What conservative pharmacotherapy is the best choice for colonic decompression in this patient?
- Methylnaltrexone
- Erythromycin
- Metoclopramide
- Prucalopride
- Neostigmine
Ogilvie Syndrome (Acute Colonic Pseudo-obstruction): Early Recognition and Treatment Are Key
Answer: E. Neostigmine
The patient can be administered 2.5 mg of IV neostigmine over a period of 3 minutes.[11] Neostigmine has been shown to be the most effective pharmacotherapy for acute decompression of the colon.[17] Other medications have demonstrated less efficacy as candidates for decompression.
Peripheral opioid receptor antagonists such as methylnaltrexone have been suggested as alternatives, but further research is warranted.[18] Erythromycin, a bowel motility agent, has shown limited effectiveness in ACPO, such as in the pediatric population[19]; similarly, metoclopramide, another prokinetic agent, has been suggested.[15] Prucalopride, a second-generation selective, high-affinity serotonin receptor partial agonist, has been used to treat refractory ACPO.[20]
Ogilvie Syndrome (Acute Colonic Pseudo-obstruction): Early Recognition and Treatment Are Key
In the case under discussion, the first dose of neostigmine was ineffective in decompressing the colon, after which additional doses were administered, also without improvement. Endoscopic decompression was then attempted and unsuccessful.
The patient appears pale and complains of severe abdominal pain, worse in the right lower quadrant. His abdomen appears more distended than it was yesterday, his temperature is 100.4°F (38°C), and he is tachycardic. A complete blood cell count shows leukocytosis.
Which of the following is the correct indication for surgical intervention?
- Failure of conservative treatment
- Ischemia
- Perforation
- Peritonitis
- All of the above
Ogilvie Syndrome (Acute Colonic Pseudo-obstruction): Early Recognition and Treatment Are Key
Answer: E. All of the above
Indications for surgical intervention include failure of conservative therapy, signs of ischemia, perforation, and peritonitis.[15] However, early studies have indicated mortality to be as high as 44% with surgery[6]; therefore, patients should be managed expeditiously and aggressively with conservative treatments and nonoperative management prior to proceeding to the operating room.[15]

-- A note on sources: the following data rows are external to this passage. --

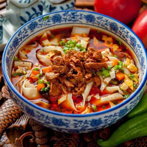 酸辣可口的“臊子面”便是西安城市名片中的最具特点的传统美食代表之一。其品种便多达数十种,一般在陕西关中平原及甘肃陇东等地方流行,尤其在关中地区有其非常重要的地位,传统节日、婚丧、孩子满月、老人过寿、款待亲朋等重要场合都离不开臊子面。
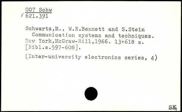 Schwartz,M., W.R.Bennett and S.Stein Communication systems and techniques.
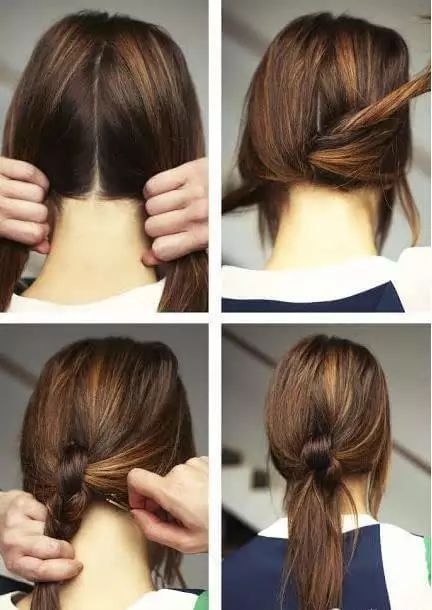它利用头发相互打结后形成的低马尾,看上去随意慵懒,但又独具匠心。打造方法也非常简单,但比较适合发量稍多一些的人。

Colonoscopic decompression has been shown to be successful in as many as 85% of patients with ACPO and can be repeated as many times as is necessary.[11] However, colonoscopy is contraindicated in the setting of perforation or peritonitis.[21] Note also that emergency cases, female sex, and comorbid metastatic cancer and chronic obstructive pulmonary disease have been identified as risk factors for unsuccessful colonoscopic decompression.